A bias towards capital investment remains: When faced with customer needs today, regulated utility companies still tend to favor solutions that require a large expenditure of capital rather than the increasingly diverse array of alternative services that also meet customer needs, often at lower cost. A decade ago, South Carolina regulated utilities could have chosen several pathways forward to meet projected customer needs. But the mother of all capital investments (and thus the mother of all profits) is a nuclear plant, which predictably became the solution they brought to the legislature, with enabling legislation: the Base Load Review Act.
Many utility regulators throughout the nation recognize this capital bias and are developing innovative responses so that utilities will continue to best serve customers as times change. South Carolina legislators should join this conversation, exploring regulatory models for what those in the industry call the “utility of the future.” More immediately, legislators should nurture the seeds of reform that have already been planted here in South Carolina:
First, our regulations already allow utilities to earn profit from saving energy on a performance basis. But our utilities still have a larger competing incentive to spend capital and sell more energy to recoup those investments, and we do not set a high bar for energy savings. This leaves hundreds of millions of dollars in savings on the table. We should require energy savings when it is the least-cost option, set ambitious energy savings targets to ensure cost savings and reduce a utility’s dependence on increased sales for profits. This is just one example of a trend towards “performance-based ratemaking” and away from rewards based purely on the amount of money sunk.
Second, our regulations require utilities to submit their plans for review. But they do not require a thorough comparison of capital-intensive solutions, such as power plants, with alternatives that require little or no utility capital investment, such as enabling groups of large energy users to reduce demand when grid costs are high or recognizing the value of customer-owned power production.

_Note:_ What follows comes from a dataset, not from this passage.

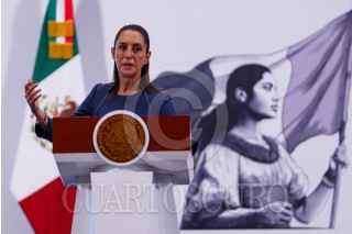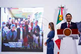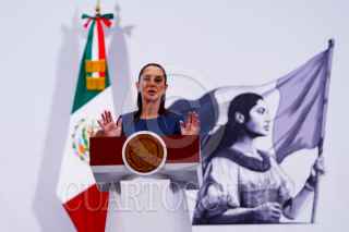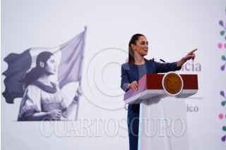 CIUDAD DE MÉXICO, 03JUNIO2025.- Claudia Sheinbaum Pardo, presidenta de México, muestra la gráfica con los resultados en los comicios electorales en Durango durante la conferencia de prensa “Mañanera del Pueblo” desde Palacio Nacional. FOTO: GALO CAÑAS/CUARTOSCURO.COM

Legislators in South Carolina need to ensure that all options are on the table—not just the ones in which utilities risk capital on behalf of ratepayers—and that plans are transparent and open to meaningful public participation and review.
Third, it is no longer necessary for the utility to be the only investor in energy production. South Carolina has made a strong start in the solar market—with the help and good work of our utility companies—but artificial legal barriers hamper market-based solar expansion. Burgeoning solar options, battery storage and a host of information-based technologies offer new ways for project developers and customers to participate in the energy economy. Legislators should embrace this trend, establishing clear customer rights to manage their own energy needs within a framework that rewards utilities for enabling the use of these technologies.

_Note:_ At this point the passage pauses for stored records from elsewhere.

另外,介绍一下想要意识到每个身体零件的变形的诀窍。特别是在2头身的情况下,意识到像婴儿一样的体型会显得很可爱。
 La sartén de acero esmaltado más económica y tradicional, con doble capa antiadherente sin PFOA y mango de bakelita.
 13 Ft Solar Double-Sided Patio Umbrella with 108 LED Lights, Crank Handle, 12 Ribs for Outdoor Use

We will not make the most of the lessons learned from nuclear plant abandonment until we address its root cause. Much more is at stake than $9 billion: South Carolina electric utilities will likely take in over $70 billion during the next decade and over $100 billion during their current 15-year planning horizon. Regulatory decisions now will determine how that money is invested. Surely, we can find a more fitting and smart underlying motivator to allocate these funds for the benefit of all South Carolinians than maximizing utility capital investment.
Eddy Moore, a South Carolina native who served as an administrative law judge in Arkansas, is energy and climate program director with the S.C. Coastal Conservation League.